Today's News & Views
April 25, 2008
 

Pro-Life Stirrings Abroad -- Part Two of Two

As we close out the week, a peek ahead to one of the stories we'll be discussing Monday: the undeniable and much appreciated rise of pro-life sentiment in both Spain and Italy.

Today, in Part Two, we're talking briefly about the battles that rage in Russia and England.
Why bother? Besides the obvious--the death of a helpless unborn child overseas diminishes us no less than does the loss of an unborn child snuffed out at home--why am I writing more and more about the fight for life being waged overseas?

I'll explain that at length next week, but the Cliff Notes answer is two-fold. Some of these countries took that wrong fork in the road earlier than did the United States, others later. But why that happened is important to think about as we plot our own recovery. Second, there are rumblings of reform which, again, can teach us lessons.

I mentioned Russia. According to the Moscow News, legislation introduced in the Duma Monday "aims to limit abortion ads to specialized medical periodicals."

As bad as things are at home, abortion is almost pandemic in Russia.
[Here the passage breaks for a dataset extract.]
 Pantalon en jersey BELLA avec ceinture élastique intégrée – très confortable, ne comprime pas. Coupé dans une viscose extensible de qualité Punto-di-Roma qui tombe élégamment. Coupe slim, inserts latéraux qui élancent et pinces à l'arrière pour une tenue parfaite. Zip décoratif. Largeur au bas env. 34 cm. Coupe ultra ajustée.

There are more abortions than live births!

The bill is an attempt to bring the number of abortions down. The newspaper quotes Sergei Kolesnikov, deputy chairman of the Duma Health Committee, who said the legislation has an "educational character," aiming to "remind people that the problem exists."
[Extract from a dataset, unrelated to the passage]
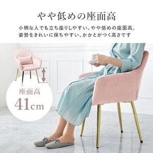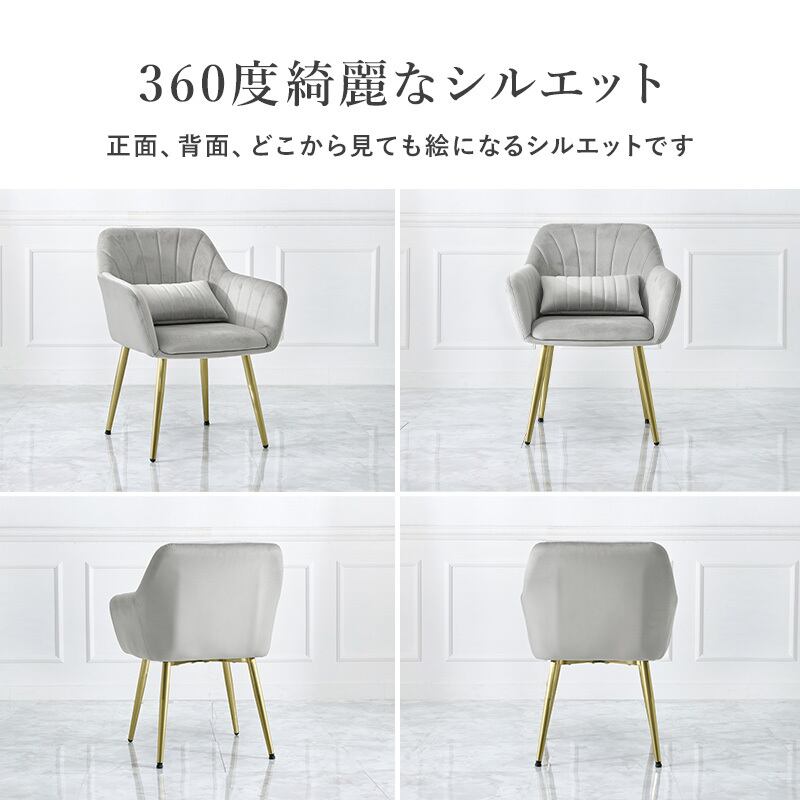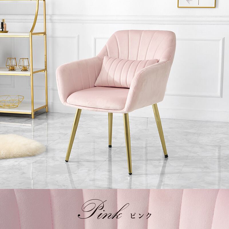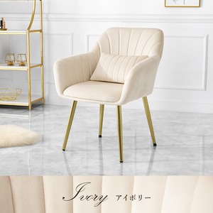 貝殻のようなデザインの座面にゴールドの脚がエレガントなインテリアチェア。チェアとおそろいの可愛いクッション付き

Measures regulating private clinics might follow, Kolesnikov said. According to the Moscow News he cited "another bill in the works that might ban abortions in private clinics altogether."

Kolesnikov told the newspaper, "Private medical facilities should start being lawfully regulated and forced to provide information about its services," adding, as of today, "there is no information about how many abortions are performed in [private clinics], and they do not give statistics."

We've written repeatedly about the upcoming battle in Great Britain, the first real head-on clash over abortion in nearly twenty years. The deadly irony is that although we know more and more about the unborn child--and are able to see her in living color in real time--pro-lifers are deeply concerned pro-abortionists will not only stave off attempts to lower the upper age limit, but make it even easier to abort. The legislative vehicle for all this is "The Human Fertilization and Embryology Bill."

Currently, in theory, 24 weeks is the uppermost date at which a child can be aborted in Great Britain. But the law offers a loophole big enough to legitimize the execution of babies essentially up to birth. All the child need have is a "severe foetal abnormality," which has and does include babies prenatally diagnosed with cleft palates and club feet.

In a piece that ran today ("Forty years on, abortion battle rages in Britain") Reuters explains how Professor Stuart Campbell's "groundbreaking three-dimensional moving images" has helped shape the debate.

"His video clips and photographs clearly show fetuses as young as 16 weeks sucking their thumbs, yawning and demonstrating behavior which suggests they are far more developed at this stage than was previously thought," Reuters' Kate Kelland writes at www.reuters.com/article/lifestyleMolt/idUSL2236728120080425?sp=true.

Campbell tells her, "I was astonished at how complex the fetus is."  A pioneer in ultrasound fetal diagnosis, he adds, "The pattern of behavior of its arms and its hands shows that it is just learning spatial awareness and about its surroundings."

But Campbell's bottom-line position illustrates the wall against which pro-lifers continually hit their heads. Even someone who has seen the miracles of prenatal life (so-called "walking babies"), he would still allow abortion through 20 weeks!